I recently read an article on Heisenberg developers. In a nutshell, the author is arguing that the act of measuring progress has the effect of slowing progress.

Does this principle have an official name (or even a buzzword) in project management circles?

Is this an area of project management research? Is there any evidence that it is true, and in what circumstances?

  • I believe the author would argue that this principle applies when tasks require creativity and exploratory activities; perhaps it does not apply when tasks are neither (see also Task-oriented and relationship-oriented leadership.
    – John Wu
    Commented Sep 22, 2016 at 18:05
  • To be clear, the post you're referring to is a rant, and not a particularly cogent one. From a PM perspective, the process failure was in treating estimates as delivery guarantees and refusing to inspect-and-adapt the process rather than individual work increments. There was nothing inherently wrong in the tool or the (implied) choice of Scrum as a framework.
    – Todd A. Jacobs
    Commented Sep 22, 2016 at 18:08
  • I agree it is a rant, and I don't disagree with your comment. My question is-- on what basis do you make your comment? Is there a principle, body of knowledge, or area of research that strives to examine and prove/disprove your position?
    – John Wu
    Commented Sep 22, 2016 at 18:15

2 Answers 2


This is kind of a trick question. I agree with @CodeGnome that PM controls is a non zero task. It requires the project to stop or slow down turning wrenches in order to participate in the control process. As such, tempo slows so overall time should increase.

However, "slow progress" implies an unfavorable variance from plan when in fact reporting activities for those controls should be part of the plan such that your planning values include that effort. Therefore, assuming a perfectly working process, your progress does not "slow" because it was built in the plan.

This also has a pay now or pay later kind of dynamic. Measuring progress might be a non zero activity; however, good controls mean early visibility on variances, which means early mitigation / course correction, which means better time results.

Now to get more real, there are thousands of random variables at play on a complex project. I would challenge anyone to credibly point at "controls" as a primary or leading driver to an unfavorable time variance. A lot of our results are simply random.

  • +1. David, I agree with you: there's a distinction between capacity and throughput, and controls can certainly improve the overall process.

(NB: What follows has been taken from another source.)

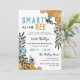 Fête de graduation florale pour une fête de graduation sur le thème des abeilles avec Smart As Can Bee, avec nid d'abeille, miel abeilles, et jolies fleurs en bleu. Ajoutez une photo à l'arrière. Invitation de remise de diplômes sur le thème des abeilles pour une fête de remise de diplômes préscolaire personnalisée avec une photo sur le dos. Invitation à la cérémonie de remise des diplômes de jardin d'enfants avec des abeilles au miel.

I especially like "pay now or pay later." However, I'd certainly argue that excessive or incorrect controls can hamper project delivery.
    – Todd A. Jacobs
    Commented Sep 23, 2016 at 2:58

Excessive Inspection: A Form of Micromanagement

[Is it true that] the act of measuring progress has the effect of slowing progress[?]

This is true prima facie. Any process, or process control, consumes non-zero time, so the notion that gathering or analyzing metrics to inspect-and-adapt your project takes measurable time shouldn't really be a surprise. The time consumed will vary widely based on the specific controls applied and (again unsurprisingly) by how automated the controls are.

A healthy level of inspection and adaptation are desirable, but if your inspection or feedback process is too frequent or too finely grained then you certainly run the risk of diverting team capacity to reporting instead of towards effective product delivery.

Broadly speaking, excessive inspection is considered a form of micromanagement, and there is a presumption that it has deleterious effects. If you're looking for academic citations about the quantitative effects of micromanagement, I won't be able to help you scan the available literature. However, the qualitative impact of this type of management is widely discussed in agile literature, and is often contrasted with self-organizing principles and results-based management.

  • I do not think this is true prima facie. It is true that asking an individual for a status update will slow them down as an individual, but it is not necessarily true that getting status updates from all individuals in a team will slow the team's overall progress, since the metrics could be used to improve coordination, predict dependencies, and "grease the skids" so to speak. Otherwise why would we have PMs? Thank you for your answer.
    – John Wu
    Commented Sep 22, 2016 at 18:09
  • @JohnWu You're positing that you can consume non-zero time from members of a team without subtracting from the team's total capacity. That's demonstrably false, and one of the many reasons that the 100% utilization fallacy is so detrimental to modern project management. You're also conflating speed of delivery in the small with sustainable delivery. Look for related answers on PMSE about task switching, process overhead, and calculating team capacity to see why this is true, but why it's often worth the trade-offs.
    – Todd A. Jacobs
    Commented Sep 22, 2016 at 18:20
  • I respectfully suggest you have it backwards. Because the 100% utilization fallacy is true, you can in fact consume non-zero time from individuals without subtracting from the team's total capacity. That is the whole point of the fallacy-- you can get greater output with lower utilization, under certain circumstances.
    – John Wu
    Commented Sep 22, 2016 at 18:26
  • @JohnWu You are conflating capacity with throughput. This is a common misunderstanding. Comments are not for extended discussion, so if you have further questions about this distinction, please open another question.